Question

A train $110\,m$ in length travels at $60$ per hour. In what time it will pass a man who is walking at $6\,km$ an hour in the opposite direction.
A. $5\sec $
B. $6\sec $
C. $8\sec $
D. $7\dfrac{1}{3}\sec $

Answer 1

Hint: In order to solve this question we need to understand the relative motion. To define relative motion, we first learn a frame of reference. So a frame of reference is defined like a window or perspective in which the event is observed. So a relative motion between two bodies is defined as the motion which is observed with respect to one another, it has two categories, one in which newton’s law valid or when the speed of two bodies are very less in comparison to speed of light, and the second category in which Lorentz transformation valid or when the speed of two bodies are comparable to light speed.

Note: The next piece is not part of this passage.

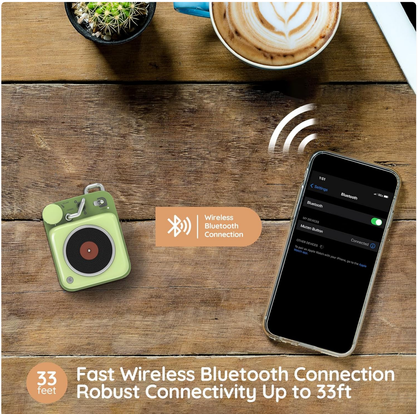
Image: The Muzen Mini Bluetooth Speaker positioned next to a smartphone, with the phone's screen displaying a successful Bluetooth connection to "Muzen

Complete step by step answer:
According to the question, the length of the train is given as, $L = 110\,m$. Let the train moving in direction of positive x-axis, so its velocity with respect to ground is given as,
${\vec V_{TG}} = 60\,kmh{r^{ - 1}}\hat i$
$\Rightarrow {\vec V_{TG}} = 60 \times \dfrac{5}{{18}}m{\sec ^{ - 1}}\hat i$
$\Rightarrow {\vec V_{TG}} = 16.67m{\sec ^{ - 1}}\hat i$
Also, let the man moving in opposite direction, so its velocity with respect to ground is given as,
${\vec V_{MG}} = - 6kmh{r^{ - 1}}\hat i$
$\Rightarrow {\vec V_{MG}} = - 6 \times \dfrac{5}{{18}}m{\sec ^{ - 1}}\hat i$
$\Rightarrow {\vec V_{MG}} = - 1.67\,m{\sec ^{ - 1}}\hat i$

So velocity of train with respect to man is given as,
${\vec V_{TM}} = {\vec V_{TG}} - {\vec V_{MG}}$
Putting values we get,
${\vec V_{TM}} = [16.67\hat i - ( - 1.67\hat i)]m{\sec ^{ - 1}}$
$\Rightarrow {\vec V_{TM}} = (16.67 + 1.67)\hat im{\sec ^{ - 1}}$
$\Rightarrow {\vec V_{TM}} = 18.34\hat im{\sec ^{ - 1}}$
Let the time taken by the train to cross a man be, $t$
Since we know, $\left| {\vec v} \right| = \dfrac{d}{t}$
So time period by train to cross men is,
$t = \dfrac{L}{{\left| {{{\vec V}_{TM}}} \right|}}$
Putting value we get,
$t = \dfrac{{110\,m}}{{18.34\,m\,{{\sec }^{ - 1}}}}$
$\Rightarrow t = 5.99\sec $
$\therefore t \sim 6\sec $

So correct option is B.

Note: It should be remembered that here we have neglected the relativistic effect because the speed of both the train and the man is very much less in comparison to speed of train. By relative effect, we physically mean that if one of two bodies is considered to be at rest then what will be its speed in the frame of reference of the other body.